**What you should do:**
In full and exactly, please return the records, but keep out the pictures.

-- Data shown follows --

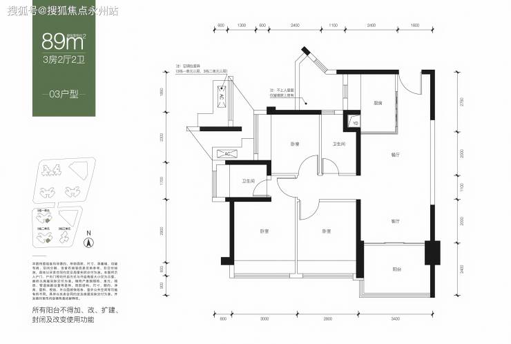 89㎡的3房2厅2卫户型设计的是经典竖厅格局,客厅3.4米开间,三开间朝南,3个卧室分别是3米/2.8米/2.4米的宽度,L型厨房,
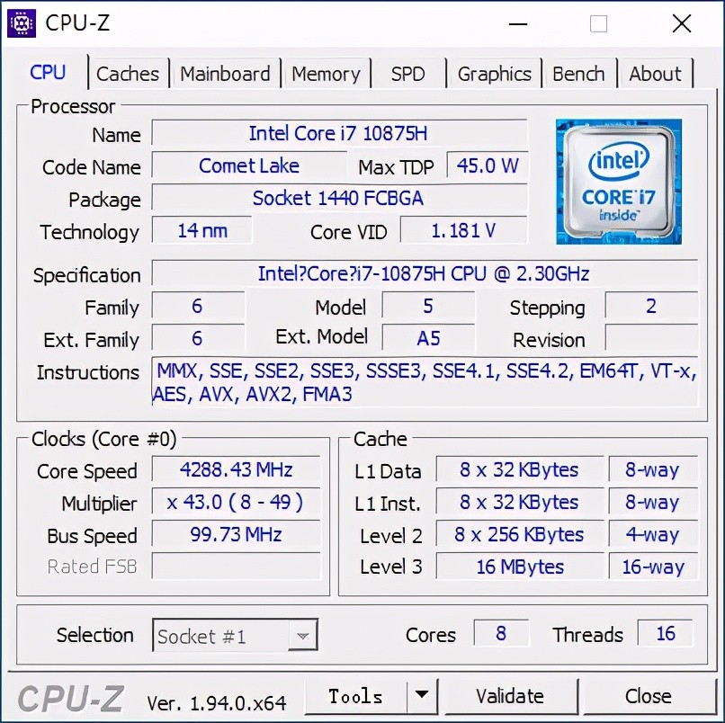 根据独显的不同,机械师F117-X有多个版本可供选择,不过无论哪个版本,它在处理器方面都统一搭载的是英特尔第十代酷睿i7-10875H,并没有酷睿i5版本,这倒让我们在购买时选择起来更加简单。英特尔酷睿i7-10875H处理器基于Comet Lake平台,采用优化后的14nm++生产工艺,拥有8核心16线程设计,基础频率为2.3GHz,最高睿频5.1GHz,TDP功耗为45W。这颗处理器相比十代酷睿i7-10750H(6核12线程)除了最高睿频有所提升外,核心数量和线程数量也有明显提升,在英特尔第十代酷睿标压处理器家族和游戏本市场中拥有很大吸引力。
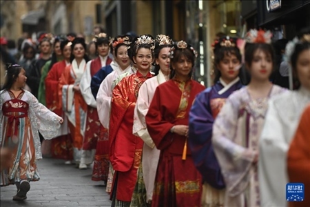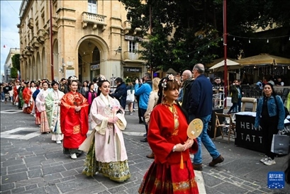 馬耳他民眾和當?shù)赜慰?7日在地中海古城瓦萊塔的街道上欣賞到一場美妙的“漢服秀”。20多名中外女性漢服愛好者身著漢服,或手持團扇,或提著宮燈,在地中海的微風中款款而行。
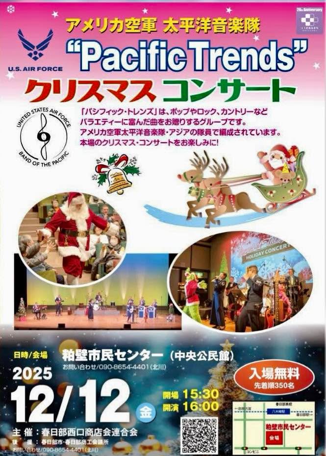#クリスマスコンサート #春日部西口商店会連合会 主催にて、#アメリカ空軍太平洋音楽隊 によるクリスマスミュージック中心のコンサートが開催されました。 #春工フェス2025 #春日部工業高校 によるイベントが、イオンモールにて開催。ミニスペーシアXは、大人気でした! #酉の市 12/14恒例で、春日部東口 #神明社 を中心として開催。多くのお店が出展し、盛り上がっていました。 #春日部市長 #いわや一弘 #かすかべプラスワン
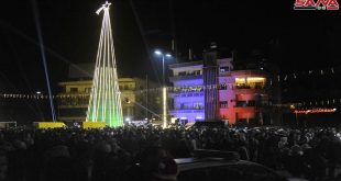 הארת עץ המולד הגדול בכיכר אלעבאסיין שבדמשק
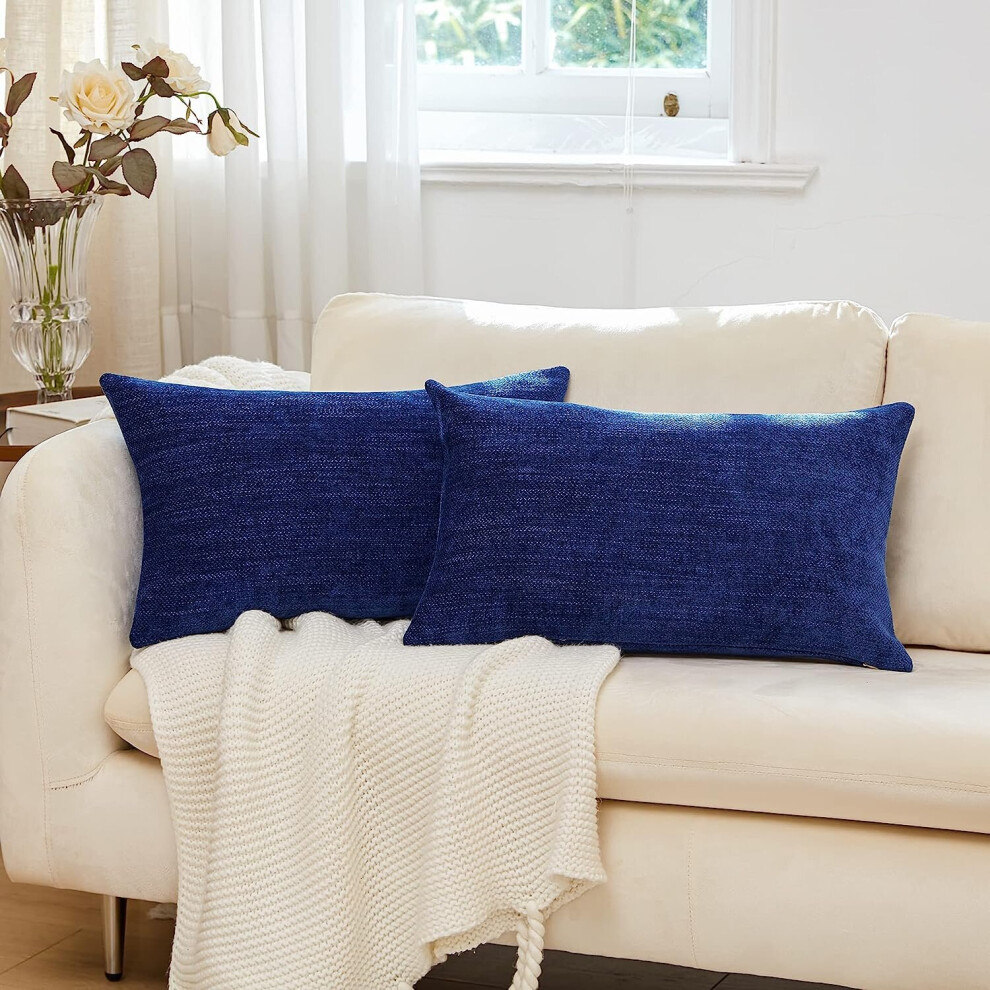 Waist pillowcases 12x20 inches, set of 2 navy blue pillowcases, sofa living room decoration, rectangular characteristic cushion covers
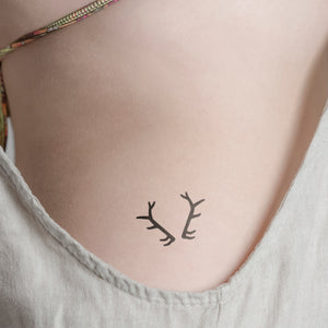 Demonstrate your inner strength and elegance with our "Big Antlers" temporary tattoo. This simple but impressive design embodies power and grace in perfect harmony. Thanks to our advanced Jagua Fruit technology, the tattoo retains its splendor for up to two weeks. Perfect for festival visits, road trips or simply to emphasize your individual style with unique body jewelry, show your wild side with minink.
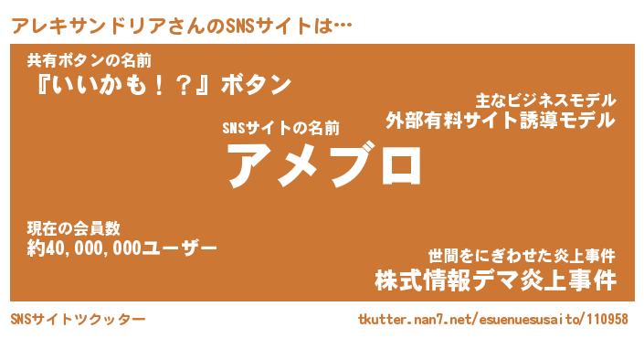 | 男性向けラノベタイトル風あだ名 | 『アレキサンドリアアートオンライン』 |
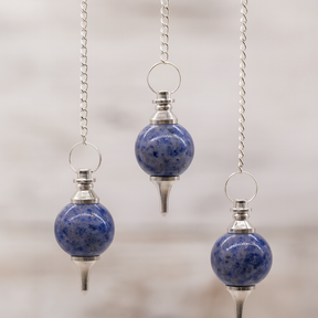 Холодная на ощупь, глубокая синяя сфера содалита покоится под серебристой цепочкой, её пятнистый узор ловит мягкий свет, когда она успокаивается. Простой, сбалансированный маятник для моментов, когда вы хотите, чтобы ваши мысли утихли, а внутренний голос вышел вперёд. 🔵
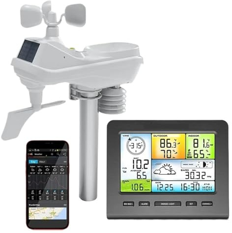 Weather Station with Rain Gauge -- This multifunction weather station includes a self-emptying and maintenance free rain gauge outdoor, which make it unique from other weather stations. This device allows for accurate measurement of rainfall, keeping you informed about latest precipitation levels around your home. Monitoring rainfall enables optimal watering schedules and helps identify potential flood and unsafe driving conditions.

-- Data shown concluded --

**Expected answer:**
 89㎡的3房2厅2卫户型设计的是经典竖厅格局,客厅3.4米开间,三开间朝南,3个卧室分别是3米/2.8米/2.4米的宽度,L型厨房,
 根据独显的不同,机械师F117-X有多个版本可供选择,不过无论哪个版本,它在处理器方面都统一搭载的是英特尔第十代酷睿i7-10875H,并没有酷睿i5版本,这倒让我们在购买时选择起来更加简单。英特尔酷睿i7-10875H处理器基于Comet Lake平台,采用优化后的14nm++生产工艺,拥有8核心16线程设计,基础频率为2.3GHz,最高睿频5.1GHz,TDP功耗为45W。这颗处理器相比十代酷睿i7-10750H(6核12线程)除了最高睿频有所提升外,核心数量和线程数量也有明显提升,在英特尔第十代酷睿标压处理器家族和游戏本市场中拥有很大吸引力。
 馬耳他民眾和當?shù)赜慰?7日在地中海古城瓦萊塔的街道上欣賞到一場美妙的“漢服秀”。20多名中外女性漢服愛好者身著漢服,或手持團扇,或提著宮燈,在地中海的微風中款款而行。
#クリスマスコンサート #春日部西口商店会連合会 主催にて、#アメリカ空軍太平洋音楽隊 によるクリスマスミュージック中心のコンサートが開催されました。 #春工フェス2025 #春日部工業高校 によるイベントが、イオンモールにて開催。ミニスペーシアXは、大人気でした! #酉の市 12/14恒例で、春日部東口 #神明社 を中心として開催。多くのお店が出展し、盛り上がっていました。 #春日部市長 #いわや一弘 #かすかべプラスワン
 הארת עץ המולד הגדול בכיכר אלעבאסיין שבדמשק
 Waist pillowcases 12x20 inches, set of 2 navy blue pillowcases, sofa living room decoration, rectangular characteristic cushion covers
 Demonstrate your inner strength and elegance with our "Big Antlers" temporary tattoo. This simple but impressive design embodies power and grace in perfect harmony. Thanks to our advanced Jagua Fruit technology, the tattoo retains its splendor for up to two weeks. Perfect for festival visits, road trips or simply to emphasize your individual style with unique body jewelry, show your wild side with minink.
 | 男性向けラノベタイトル風あだ名 | 『アレキサンドリアアートオンライン』 |
 Холодная на ощупь, глубокая синяя сфера содалита покоится под серебристой цепочкой, её пятнистый узор ловит мягкий свет, когда она успокаивается. Простой, сбалансированный маятник для моментов, когда вы хотите, чтобы ваши мысли утихли, а внутренний голос вышел вперёд. 🔵
 Weather Station with Rain Gauge -- This multifunction weather station includes a self-emptying and maintenance free rain gauge outdoor, which make it unique from other weather stations. This device allows for accurate measurement of rainfall, keeping you informed about latest precipitation levels around your home. Monitoring rainfall enables optimal watering schedules and helps identify potential flood and unsafe driving conditions.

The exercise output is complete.